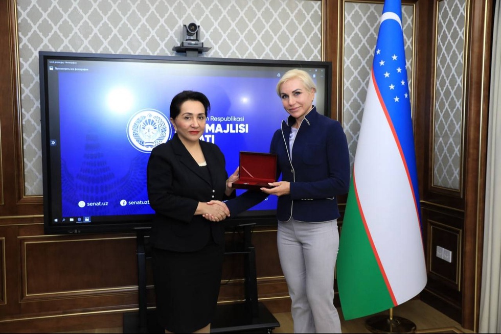 Награду вручила Председатель Сената, председатель Федерации велосипедного спорта Узбекистана Танзила Нарбаева.
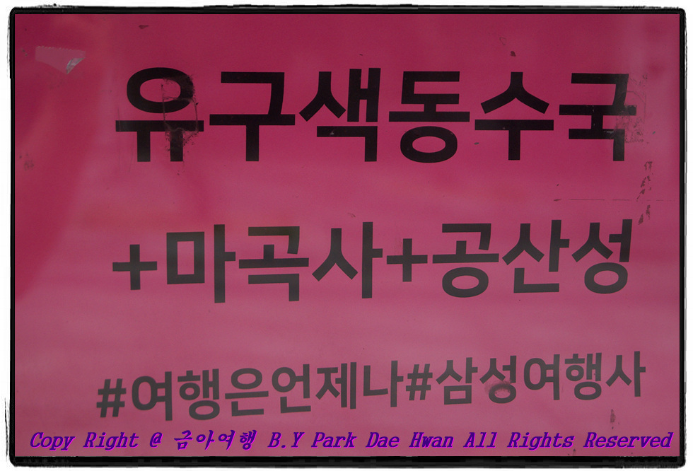 "여행과 장소의 변화는 우리의 마음에 활력을 선사한다" 라는 말이 있습니다. 아무것도 하지 않고 쉬러만 가도 활력이 생기는 것이 여행인 것 같습니다. 지금은 비록 장마철이지만 장마가 지나고 날씨가 더워 질 것입니다. 덥다고 집에만 계신다거나 반복된 일상, 똑같은 일상으로 살아가기 보단 반복되고 똑같은 일상, 스트레스에서 벗어나 여행한번 해보시는 것을 추천드립니다. 저는 합천 누비GO 시티투어 이후 지난주 일요일인 06월 25일에 충남 공주 당일 여행을 다녀왔습니다. 그럼 여행기 시작해보겠습니다^^ 06월 25일 일요일 아침 7시쯤 버스 탑승장소인 "법원 건너 농협"에 도착하였습니다. 제가 이용할 버스로는 드림관광 7941호 차량이었으며 이 날 가이드님으로는 저는 처음뵙는 이현의 가이드님께서 수고해주셨으며 안전운행으로는 조성철 승무사원님께서 수고해주셨습니다. 대구 법원 건너 농협을 출발하여 반월당, 두류 광장코아, 성서홈플러스까지 경유하였으며 저를 포함하여 총 42명의 여행객이 탑승하였습니다. 이 날 코스로는 공주 유구색동수국정원 부터 시작하여 마곡사 관람 및 중식, 공산성, 공주 정안천생태공원 메타세콰이어길 코스였습니다. 항상 삼성여행사를 통해서 여행을 해보신 분들은 잘 아시겠지만 일정표와 뺏지는 성서홈플러스까지 모든 여행객이 탑승한 이후 나누어 주시는데 삼성여행자 뺏지가 여행사 트레이드 마크이자 입장료가 있는 여행지에서는 하이패스 기능이 있습니다^^ 이 날은 입장료가 있는 여행지가 공산성이었으며 공산성에서 하이패스 기능을 담당하였습니다. 대구 출발한지 약 2시간 가까이 다된 09시10분경에 옥천휴게소에서 20분간 휴식을 하였습니다. 여행의 시작이자 여행의 꽃은 제 개인적인 생각이지만 휴게소 간식이라고 생각합니다 ㅎㅎ 호두과자, 핫바, 델리만쥬 등 주전부리가 많으니 여행의 꽃은 휴게소 간식이라고 생각하는 본인입니다. 이 날 저는 아침을 먹지 않고 왔기에 호두과자에 떡볶이까지 맛있게 먹어봅니다..^^ 대구 출발한지 약 3시간36분만인 10시56분경에 유구색동수국정원에 도착하였습니다. 유구 톨게이트 이후 엄청난 정체로 인해 시간이 조금 딜레이 되긴 하였지만 그래도 관람시간은 부족하지 않게 해주셨습니다. 유구색동수국정원 꽃 축제는 올해가 제 2회 축제였으며 1km 구간에 걸쳐 조성되었습니다. 아나벨과 산수국을 포함한 약 22종의 수국 16,000본이 식재되어 보기 좋게 개화하였습니다..^^         유구색동수국정원 둘러보면서 찍어본 수국사진 입니다..^^ 수국의 수는 "물 수" 한자를 사용하며 라틴어로는 "물을 담은 그릇" 이라는 뜻을 가지고 있습니다. 중국에서는 "비단에 수를 놓은 둥근공처럼 피는 꽃" 이라는 의미를 갖고 있으며 수구화로 불리우다가 꽃색이 변한다 하여 칠변화, 팔선화로도 불리웠다고 합니다. 공주 뿐만 아니라 경남 거제도, 신안군 도초도 가도 수국이 유명합니다^^ 제가 방문한 날이 유구색동 수국정원 꽃 축제기간이었으며 "온누리 공주시민" 가입하니 공주에서 나고 자란 농산물인 감자 한 봉지를 선물로 받았습니다..^^ 유구색동 수국정원 관람 이후 다음 여행지인 마곡사로 이동하였습니다.   30분 정도 이동하여 마곡사에 도착하였으며 가이드님께서는 마곡사부터 먼저 둘러보고 식사하시는 것을 추천해주셨습니다..^^ 마곡사는 충남, 대전, 세종 지역 조계종 사찰을 관장하는 대본산으로써 유네스코 세계유산으로 지정되기도 하였습니다. 한반도 남쪽 지방에 위치한 양산 통도사, 영주 부석사, 안동 봉정사, 보은 법주사, 공주 마곡사, 순천 선암사, 해남 대흥사 등 "산사 한국의 산지 승원" 7개 사찰 중 하나 입니다. 마곡사는 태화산에 자리잡고 있는데 특히 봄이 가장 아름답다고 하여 "춘마곡 추갑사(봄은 마곡사, 가을은 갑사)" 라는 말이 있습니다. 특히 마곡사는 1898년에 백범 김구 선생도 마곡사를 찾아와 자취를 남기기도 하였습니다. "마곡사 해탈문" 입니다. 마곡사의 정문으로써 이 문을 지나면 속세를 벗어나 불교 세계로 들어가게 되며 해탈을 하겠다는 마음을 갖게 된다고 하여 해탈문이라고 불리게 되었습니다. 마곡사 5층석탑부터 대광보전, 대웅보전 입니다. "마곡사 대광보전" 입니다. 대웅보전과 함께 마곡사의 본전으로써 건물 내부에는 진리를 상징하는 "비로자나불" 불상이 동쪽을 바라보며 모셔져 있습니다. "마곡사 5층 석탑" 입니다. 원나라 라마교의 영향을 받아 세워진 탑으로 다보탑이라고도 불립니다. "마곡사 대웅보전" 입니다. 임진왜란 때 소실되었다가 각순대사에 의해 다시 중수되었으며 현존하는 전통 목조건축물 가운데 많지 않은 중층 건물 입니다. 마곡사 계곡 입니다. 이 날 날씨가 더웠는데 등목 한번 시원하게 해보고 싶었습니다 ㅎㅎ "김구 선생 기념식수" 입니다. 백범 김구 선생이 1896년 명성황후 시해에 대한 분노로 황해도에서 일본군 장교를 살해한 후 은거하여 1898년 권종이라는 법명으로 잠시 출가 수도하였던 곳입니다. 광복 이후 김구 선생이 이 곳을 다시 찾아 대광보전 주련을 보시고 더욱 감개무량하여 향나무 한 그루를 심어놓으셨습니다. 마곡사를 둘러본 후 마
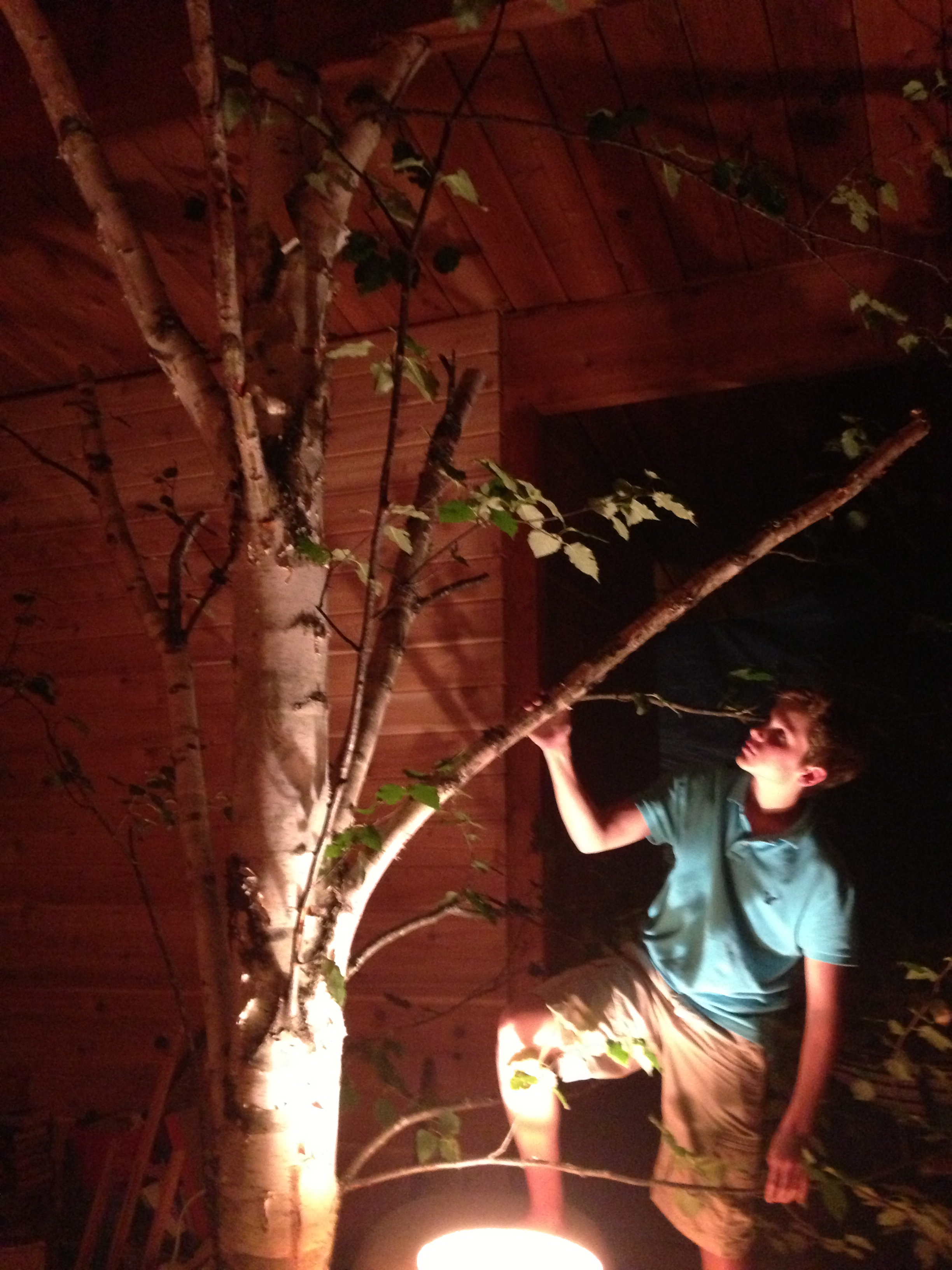 At our cottage, there was a hope and a dream to honour a canoe birch (paper white birch) by installing it within the interior. The tree was miraculously found by our contractors after a major wind storm up north and installed with branches and leaves intact. Which we loved, of course. even if it meant crawling through the branches as if we were living in a forest.

|---|

ASSIGNMENT => The reply should contain every line of the material exactly, and no images.

TASK OUTPUT =>
 Награду вручила Председатель Сената, председатель Федерации велосипедного спорта Узбекистана Танзила Нарбаева.
 "여행과 장소의 변화는 우리의 마음에 활력을 선사한다" 라는 말이 있습니다. 아무것도 하지 않고 쉬러만 가도 활력이 생기는 것이 여행인 것 같습니다. 지금은 비록 장마철이지만 장마가 지나고 날씨가 더워 질 것입니다. 덥다고 집에만 계신다거나 반복된 일상, 똑같은 일상으로 살아가기 보단 반복되고 똑같은 일상, 스트레스에서 벗어나 여행한번 해보시는 것을 추천드립니다. 저는 합천 누비GO 시티투어 이후 지난주 일요일인 06월 25일에 충남 공주 당일 여행을 다녀왔습니다. 그럼 여행기 시작해보겠습니다^^ 06월 25일 일요일 아침 7시쯤 버스 탑승장소인 "법원 건너 농협"에 도착하였습니다. 제가 이용할 버스로는 드림관광 7941호 차량이었으며 이 날 가이드님으로는 저는 처음뵙는 이현의 가이드님께서 수고해주셨으며 안전운행으로는 조성철 승무사원님께서 수고해주셨습니다. 대구 법원 건너 농협을 출발하여 반월당, 두류 광장코아, 성서홈플러스까지 경유하였으며 저를 포함하여 총 42명의 여행객이 탑승하였습니다. 이 날 코스로는 공주 유구색동수국정원 부터 시작하여 마곡사 관람 및 중식, 공산성, 공주 정안천생태공원 메타세콰이어길 코스였습니다. 항상 삼성여행사를 통해서 여행을 해보신 분들은 잘 아시겠지만 일정표와 뺏지는 성서홈플러스까지 모든 여행객이 탑승한 이후 나누어 주시는데 삼성여행자 뺏지가 여행사 트레이드 마크이자 입장료가 있는 여행지에서는 하이패스 기능이 있습니다^^ 이 날은 입장료가 있는 여행지가 공산성이었으며 공산성에서 하이패스 기능을 담당하였습니다. 대구 출발한지 약 2시간 가까이 다된 09시10분경에 옥천휴게소에서 20분간 휴식을 하였습니다. 여행의 시작이자 여행의 꽃은 제 개인적인 생각이지만 휴게소 간식이라고 생각합니다 ㅎㅎ 호두과자, 핫바, 델리만쥬 등 주전부리가 많으니 여행의 꽃은 휴게소 간식이라고 생각하는 본인입니다. 이 날 저는 아침을 먹지 않고 왔기에 호두과자에 떡볶이까지 맛있게 먹어봅니다..^^ 대구 출발한지 약 3시간36분만인 10시56분경에 유구색동수국정원에 도착하였습니다. 유구 톨게이트 이후 엄청난 정체로 인해 시간이 조금 딜레이 되긴 하였지만 그래도 관람시간은 부족하지 않게 해주셨습니다. 유구색동수국정원 꽃 축제는 올해가 제 2회 축제였으며 1km 구간에 걸쳐 조성되었습니다. 아나벨과 산수국을 포함한 약 22종의 수국 16,000본이 식재되어 보기 좋게 개화하였습니다..^^         유구색동수국정원 둘러보면서 찍어본 수국사진 입니다..^^ 수국의 수는 "물 수" 한자를 사용하며 라틴어로는 "물을 담은 그릇" 이라는 뜻을 가지고 있습니다. 중국에서는 "비단에 수를 놓은 둥근공처럼 피는 꽃" 이라는 의미를 갖고 있으며 수구화로 불리우다가 꽃색이 변한다 하여 칠변화, 팔선화로도 불리웠다고 합니다. 공주 뿐만 아니라 경남 거제도, 신안군 도초도 가도 수국이 유명합니다^^ 제가 방문한 날이 유구색동 수국정원 꽃 축제기간이었으며 "온누리 공주시민" 가입하니 공주에서 나고 자란 농산물인 감자 한 봉지를 선물로 받았습니다..^^ 유구색동 수국정원 관람 이후 다음 여행지인 마곡사로 이동하였습니다.   30분 정도 이동하여 마곡사에 도착하였으며 가이드님께서는 마곡사부터 먼저 둘러보고 식사하시는 것을 추천해주셨습니다..^^ 마곡사는 충남, 대전, 세종 지역 조계종 사찰을 관장하는 대본산으로써 유네스코 세계유산으로 지정되기도 하였습니다. 한반도 남쪽 지방에 위치한 양산 통도사, 영주 부석사, 안동 봉정사, 보은 법주사, 공주 마곡사, 순천 선암사, 해남 대흥사 등 "산사 한국의 산지 승원" 7개 사찰 중 하나 입니다. 마곡사는 태화산에 자리잡고 있는데 특히 봄이 가장 아름답다고 하여 "춘마곡 추갑사(봄은 마곡사, 가을은 갑사)" 라는 말이 있습니다. 특히 마곡사는 1898년에 백범 김구 선생도 마곡사를 찾아와 자취를 남기기도 하였습니다. "마곡사 해탈문" 입니다. 마곡사의 정문으로써 이 문을 지나면 속세를 벗어나 불교 세계로 들어가게 되며 해탈을 하겠다는 마음을 갖게 된다고 하여 해탈문이라고 불리게 되었습니다. 마곡사 5층석탑부터 대광보전, 대웅보전 입니다. "마곡사 대광보전" 입니다. 대웅보전과 함께 마곡사의 본전으로써 건물 내부에는 진리를 상징하는 "비로자나불" 불상이 동쪽을 바라보며 모셔져 있습니다. "마곡사 5층 석탑" 입니다. 원나라 라마교의 영향을 받아 세워진 탑으로 다보탑이라고도 불립니다. "마곡사 대웅보전" 입니다. 임진왜란 때 소실되었다가 각순대사에 의해 다시 중수되었으며 현존하는 전통 목조건축물 가운데 많지 않은 중층 건물 입니다. 마곡사 계곡 입니다. 이 날 날씨가 더웠는데 등목 한번 시원하게 해보고 싶었습니다 ㅎㅎ "김구 선생 기념식수" 입니다. 백범 김구 선생이 1896년 명성황후 시해에 대한 분노로 황해도에서 일본군 장교를 살해한 후 은거하여 1898년 권종이라는 법명으로 잠시 출가 수도하였던 곳입니다. 광복 이후 김구 선생이 이 곳을 다시 찾아 대광보전 주련을 보시고 더욱 감개무량하여 향나무 한 그루를 심어놓으셨습니다. 마곡사를 둘러본 후 마
 At our cottage, there was a hope and a dream to honour a canoe birch (paper white birch) by installing it within the interior. The tree was miraculously found by our contractors after a major wind storm up north and installed with branches and leaves intact. Which we loved, of course. even if it meant crawling through the branches as if we were living in a forest.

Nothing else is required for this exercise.